Hab jetzt alles mögliche durchgelesen aber irgendwie finde ich keine klare Aussage.
Eventuell hat hier jemand einen Text bzw. ein schriftstück wo es genau beschrieben ist.

Abe rnun zu dem Anwendungsfall:

Es handelt sich um eine Transportmaschine die verschieden Große Güter Transportiert. (Höhe und Breite variieren)

Wenn das Muting aktiv ist leuchtet ja die sogenannte Muting Lampe. 
Sollte das Transportgut jetzt in diesem Zustand stoppen wäre ein Zutritt zur Maschine möglich ohne das der jeweilige Sicherheitsbereich ausgelöst wird weil 
die Muting funktion das Lichtgitter ja deaktiviert hat.

Jetztstellt sich mir die Frage ist es zulässig zu sagen das die Muting Lampe ja darauf hinweist das der Bereich aktuell nicht deaktiviert wird und so das Bedienpersonal
darauf aufmerksamk macht?
Es wäre so ausgeführt das neben dem Lichtgitter ein zusätlicher versperrbarer Sicherheitsschalter wäre welcher den Bereich dealtiviert.

Jetzt wäre mein Gedanke der wenn die Lampe leuchtet weiß das Bedienpersonal "Achtung" Bereich wird momentan bei zutritt nicht deaktiviert.
Wenn ein Zutritt dennoch nötig sein sollte muss der Bereichstopp Schalter betätigt werden und gegebenfalls auch abgesperrt werden.

Mechanisch kann aufgrund der sich ändernden Abmessungen der Güter schwer ein Zutrittschutz relisiert werden.

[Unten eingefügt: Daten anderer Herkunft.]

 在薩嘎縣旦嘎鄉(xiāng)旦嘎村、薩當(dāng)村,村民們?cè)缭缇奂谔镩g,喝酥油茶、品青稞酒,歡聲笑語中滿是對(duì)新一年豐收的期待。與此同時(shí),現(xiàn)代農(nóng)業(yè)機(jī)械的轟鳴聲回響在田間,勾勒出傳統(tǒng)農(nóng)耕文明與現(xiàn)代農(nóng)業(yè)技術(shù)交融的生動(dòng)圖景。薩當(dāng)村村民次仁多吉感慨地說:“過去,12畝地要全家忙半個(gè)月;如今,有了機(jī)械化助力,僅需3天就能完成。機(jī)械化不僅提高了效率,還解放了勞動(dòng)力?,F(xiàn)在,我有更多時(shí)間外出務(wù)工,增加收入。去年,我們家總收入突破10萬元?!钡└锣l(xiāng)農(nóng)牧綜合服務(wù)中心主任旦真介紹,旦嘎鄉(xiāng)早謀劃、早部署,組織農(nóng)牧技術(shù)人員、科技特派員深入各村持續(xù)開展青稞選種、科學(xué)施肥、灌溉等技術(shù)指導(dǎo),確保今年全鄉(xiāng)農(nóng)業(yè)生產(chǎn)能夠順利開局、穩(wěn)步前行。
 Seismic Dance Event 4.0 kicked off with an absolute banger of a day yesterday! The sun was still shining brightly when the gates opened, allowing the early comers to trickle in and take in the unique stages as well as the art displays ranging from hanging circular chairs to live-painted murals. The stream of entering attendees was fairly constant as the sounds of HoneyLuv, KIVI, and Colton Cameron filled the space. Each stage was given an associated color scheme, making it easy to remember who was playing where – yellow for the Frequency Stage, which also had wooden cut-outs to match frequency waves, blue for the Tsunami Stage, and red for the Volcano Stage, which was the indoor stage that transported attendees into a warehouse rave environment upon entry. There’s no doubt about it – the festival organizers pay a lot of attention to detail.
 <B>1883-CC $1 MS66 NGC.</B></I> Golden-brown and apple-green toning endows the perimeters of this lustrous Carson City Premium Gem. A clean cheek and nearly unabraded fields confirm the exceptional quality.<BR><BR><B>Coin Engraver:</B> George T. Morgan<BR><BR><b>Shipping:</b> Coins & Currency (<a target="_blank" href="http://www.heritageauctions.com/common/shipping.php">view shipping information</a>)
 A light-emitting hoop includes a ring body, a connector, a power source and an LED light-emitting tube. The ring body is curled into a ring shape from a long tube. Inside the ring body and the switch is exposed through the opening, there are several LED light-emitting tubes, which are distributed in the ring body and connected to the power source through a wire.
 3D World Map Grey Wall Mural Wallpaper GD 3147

Ich finde jedoch in keinem der unzähligen Schriftstücke welche das Muting behandeln eine Klare Aussage zu meinem Fall.

Was sagen die Safety Spezialisten dazu?

Danke im voraus.

Gruß


----------



## Sinix (27 September 2013)

Deine Frage zielt ja auf die Muting Leuchte ab, komisch das du nix findest.


> pilz Muting Lampe
> 
> Muting ist die vorübergehende automatische Unterdrückung einer Sicherheitsfunktion während des normalen Betriebs einer Maschine. Erforderlich ist es meist beim Transport von Material in einen Gefahrenbereich hinein oder daraus heraus.
> 
> Zeigen Sie Überbrückungszustände von Schutzeinrichtungen optisch an. Warnen Sie dadurch Personen vor dem versehentlichen oder vorsätzlichen Zutritt von Gefahrenbereichen.




Zitat SCM:


> Sollte das Transportgut jetzt in diesem Zustand stoppen wäre ein Zutritt zur Maschine möglich ohne das der jeweilige Sicherheitsbereich ausgelöst wird weil die Muting funktion das Lichtgitter ja deaktiviert hat.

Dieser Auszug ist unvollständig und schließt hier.